Plot two: (Setting: Contemporary Old Delhi and POK)

People may think he is stupid, but I love him.

How can anyone look like a Greek god and be so simple? He is innocent; so very childlike. With chiseled muscles and body of Hercules, he bows down in front of every stray, rabid monkey that hops his way. I mean, how cute is that?  Isn’t his a heart of gold? He is working hard to get a house. My father knows how important it is for a man to be the primary earning member of the family, he is sort of training my love in masculinity. And my man is ever so eager to please, to prove.

Things were perfect till he found himself a lost girl. My hero is now determined to send the girl back to her parents in a different country. I even gave him the money we were saving up for our house. I had to support his mission wholeheartedly. After all, his mission is my cooperation.
He is long gone, and I am waiting. He shall return only after handing over the girl to her parents. I shall wait. It comes to me naturally. Mother keeps on asking if I know of his whereabouts. How do I know? I only know of my part. I make sure that I look like a woman waiting for her man should look like. I wear no extra makeup while he is away. Father is worried stiff, sometimes, I suspect that he is worried that he shall return, rather than being afraid that he won’t.

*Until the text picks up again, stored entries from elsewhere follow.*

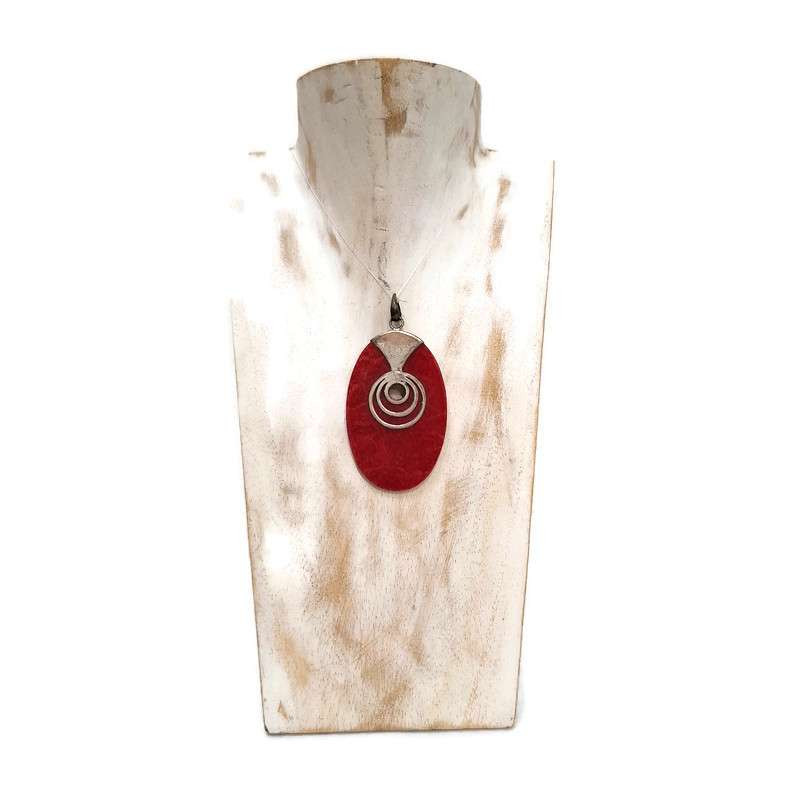 Ez az elegáns, ovális alakú piros korall medál a természet erejét és a kézműves mesterség finom részleteit ötvözi. A mélyvörös korall felületén egy különleges, áttört ezüstből készült kör díszítés található, amely játékosan kiemeli a medál egy részét, így légies, mégis karakteres megjelenést kölcsönöz az ékszernek.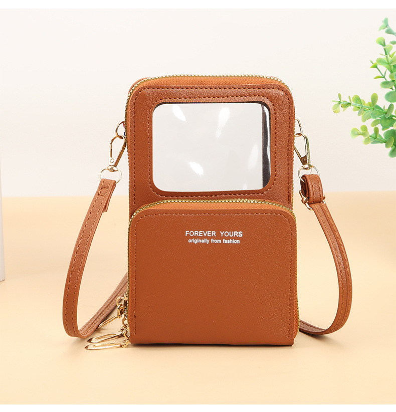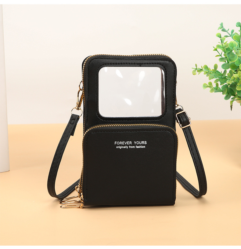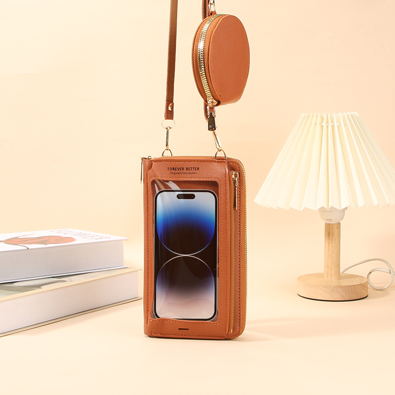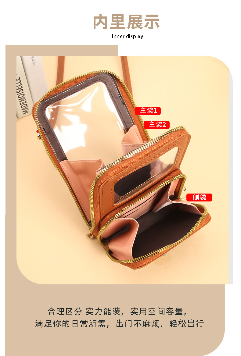 2024タッチスクリーン携帯電話バッグ女性斜めに防犯多機能シングル肩にまたがる透明ミニバッグ財布携帯電話バッグ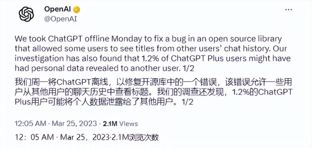 3月25日,OpenAI 发文证实,部分 ChatGPT Plus 服务订阅用户可能泄露了部分个人隐私和支付信息,称在本次关闭 ChatGPT 几个小时前,部分用户可能会看到另一位用户的姓名、电子邮件地址、支付地址、信用卡信息。
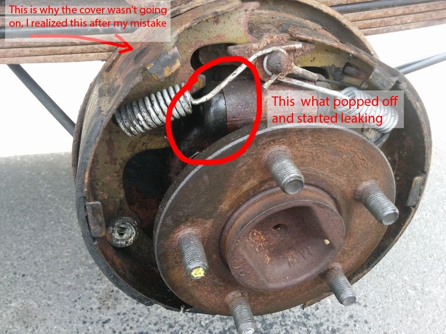 I was in the process of diagnosing what a clunk sound was in the rear of my jeep and when I was about to put the drum cover back on, I wasn't able to do so. What I decided to do is to apply some pressure on the brakes to see if it would move anything. Oh what a big mistake, I heard a pop and brake fluid started pouring out (I'd say about 4-5oz total before I fixed the leak). Since I have no idea what every part is named, I took so pics that I posted below in order to show what happened.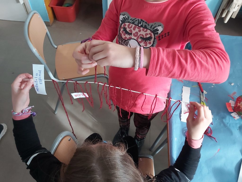 Després, vam fer dos etiquetes: una on hi deia medul·la espinal i una altra on hi deia nervis.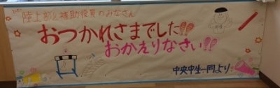 昨日の陸上大会の帰り、校舎にはこんな素敵な幕が飾られていました

Plot three: (Setting: Two women discussing which films to watch, it is now called Bechdel Test)

Woman One:  “I have this rule, see…I go to a movie if it satisfies three basic requirements. One it has to have at least two women in it, two, who talk to each other,three, about something besides a man”
Woman Two:  “Pretty strict, but a good idea.”

Plot Four: (Setting: Parallel Universe)
Two star studded films, released  this July, flops after failing the Bechdel’s Test.